Weka 简明教程
Weka - Loading Data
在本章中,我们从用于预处理数据的第一个选项卡开始。对于所有应用于数据的算法来说,这是通用的,也是 WEKA 中所有后续操作的通用步骤。
In this chapter, we start with the first tab that you use to preprocess the data. This is common to all algorithms that you would apply to your data for building the model and is a common step for all subsequent operations in WEKA.
为了让机器学习算法给出可接受的准确性,对数据进行清洗非常重要。这是因为从现场收集的原始数据可能包含空值、无关列等。
For a machine learning algorithm to give acceptable accuracy, it is important that you must cleanse your data first. This is because the raw data collected from the field may contain null values, irrelevant columns and so on.
在本章中,你将学习如何预处理原始数据,并创建干净、有意义的数据集以供进一步使用。
In this chapter, you will learn how to preprocess the raw data and create a clean, meaningful dataset for further use.

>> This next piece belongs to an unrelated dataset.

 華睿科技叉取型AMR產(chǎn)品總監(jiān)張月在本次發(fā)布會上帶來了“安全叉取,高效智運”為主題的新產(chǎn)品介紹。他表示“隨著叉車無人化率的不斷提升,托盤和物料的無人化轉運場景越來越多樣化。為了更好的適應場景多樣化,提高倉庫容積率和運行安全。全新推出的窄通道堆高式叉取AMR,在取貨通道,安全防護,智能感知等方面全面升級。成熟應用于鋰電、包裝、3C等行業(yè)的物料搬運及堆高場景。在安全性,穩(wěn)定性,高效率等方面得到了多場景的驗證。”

首先,你将学习如何将数据文件加载到 WEKA 资源管理器中。数据可以从以下来源加载 −
First, you will learn to load the data file into the WEKA explorer. The data can be loaded from the following sources −
-
Local file system
-
Web
-
Database
在本章中,我们将详细了解加载数据的这三个选项。
In this chapter, we will see all the three options of loading data in detail.

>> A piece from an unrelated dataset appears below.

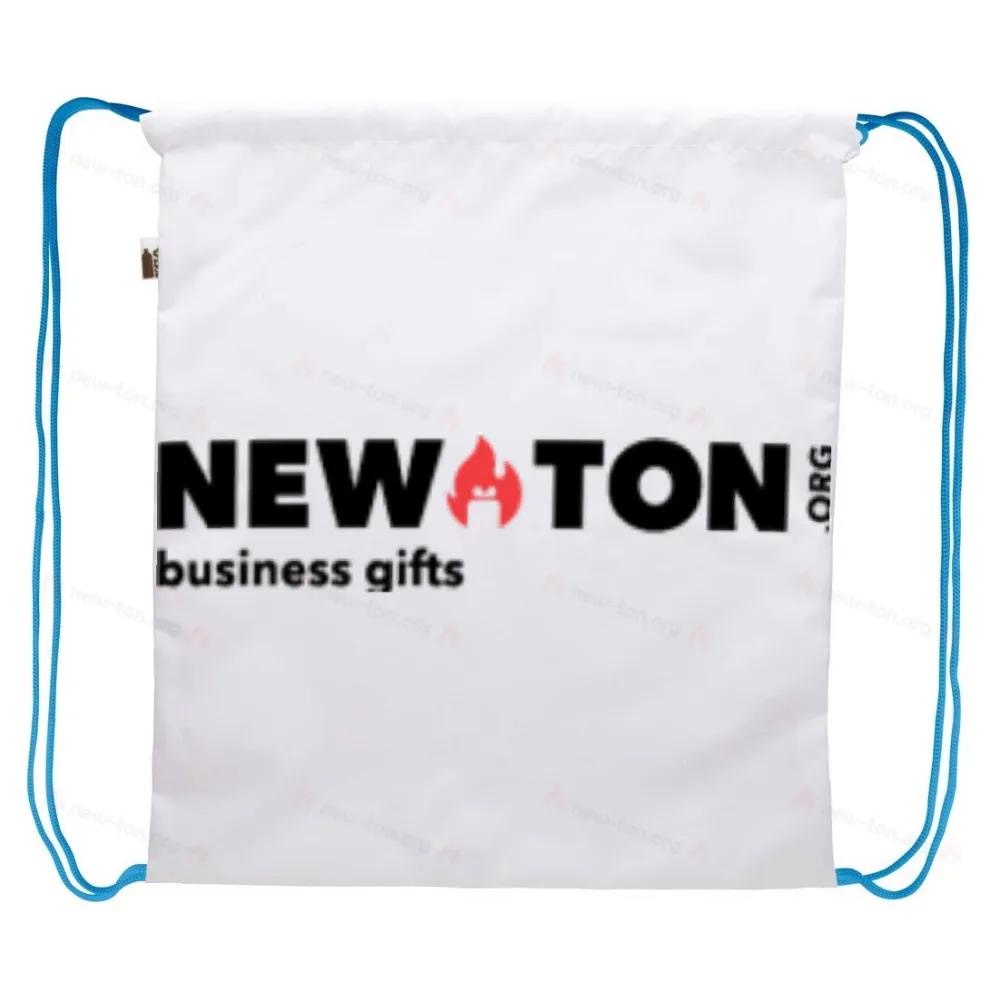 Сделанная на заказ сумка на шнурке с цветными завязками, 190T RPET. С полностью сублимационной печатной графикой. MOQ: 50 шт.

Loading Data from Local File System
在你学习的前一课中学到的机器学习选项卡正下方,你会找到以下三个按钮 −
Just under the Machine Learning tabs that you studied in the previous lesson, you would find the following three buttons −
-
Open file …
-
Open URL …
-
Open DB …
单击 Open file … 按钮。将打开一个目录导航器窗口,如下面的屏幕所示 −
Click on the Open file … button. A directory navigator window opens as shown in the following screen −

现在,导航到存储数据文件的文件夹。WEKA 安装附带了许多示例数据库供你进行试验。这些数据库可在 WEKA 安装的 data 文件夹中找到。
Now, navigate to the folder where your data files are stored. WEKA installation comes up with many sample databases for you to experiment. These are available in the data folder of the WEKA installation.
出于学习目的,从此文件夹中选择任何数据文件。该文件的内容将加载到 WEKA 环境中。我们将很快学习如何检查和处理这些加载的数据。在此之前,让我们看看如何从 Web 加载数据文件。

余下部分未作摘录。